George Demaree used to leave the bees fill the brood frames in the top box with honey once the brood had emerged, and even if you keep rolling the Demaree, you will often get to the point when you cannot keep up, so a deep box will become a honey super and at the end of the year you will need an extractor that can handle deep frames (even many smaller radial extractors can be rigged with tangential screens nowadays so can take deeper frames) Once you have extracted you can then sort out the frames, discarding those that are older and darker and saving the newer ones (some may even be freshly drawn and unbrooded) for use next season.

Once you have stopped ‘rolling’ the Demaree and all the drones have emerged, you can remove the top entrance/Demaree board if you wish

Running with two queens

Sometimes (none of us are perfect) you may miss a queen cell and you end up with a new mated queen in the top box. You may even decide to purposely leave them make a new queen up top. This can leave you with an even more powerful honey producing colony.

In both these cases, there is no need to have entrances (lower and upper) facing in different directions.
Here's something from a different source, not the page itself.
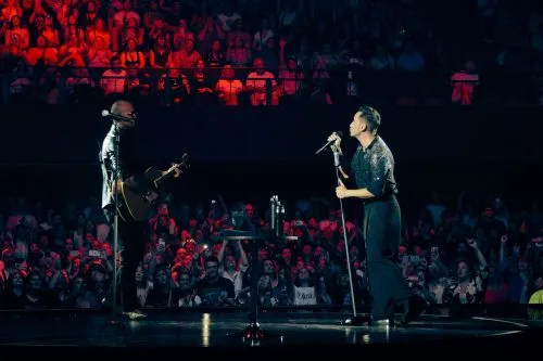 La noche comenzó con la potente interpretación de "Es Ahora", marcando el inicio de un show de más de dos horas. A lo largo de la velada, los artistas fusionaron sus voces, acompañados por sus respectivas bandas, creando un ambiente vibrante y lleno de energía.
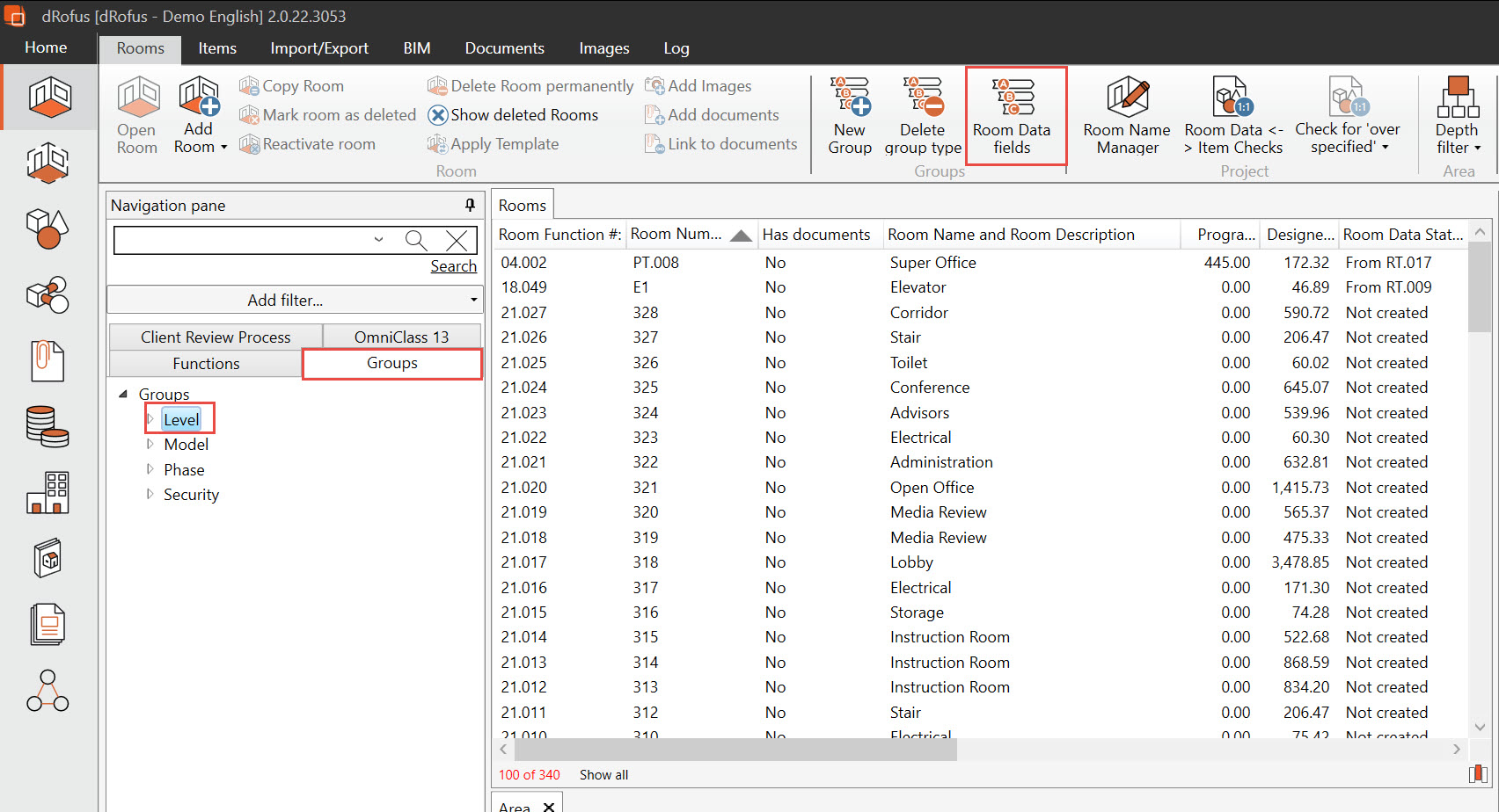 部屋モジュールからこの機能にアクセスするには、部屋データフィールドを表示するためにグループタイプを選択する必要があります。

But remember you will need another queen excluder if you have supers above the top colony.

At the end of the year, you then have two choices, either take off the top box which will give you another colony, remembering that most of the flying bees will return to the original location (there is no easy way to shut them all up at the end of the day and moving them three miles away)

Or you can ‘dispose’ of the older queen in the lower box and just run the colony with the one new queen, there is no need for any ‘uniting’ as the bees have always run as one single entity, you will just need to consolidate the two brood boxes.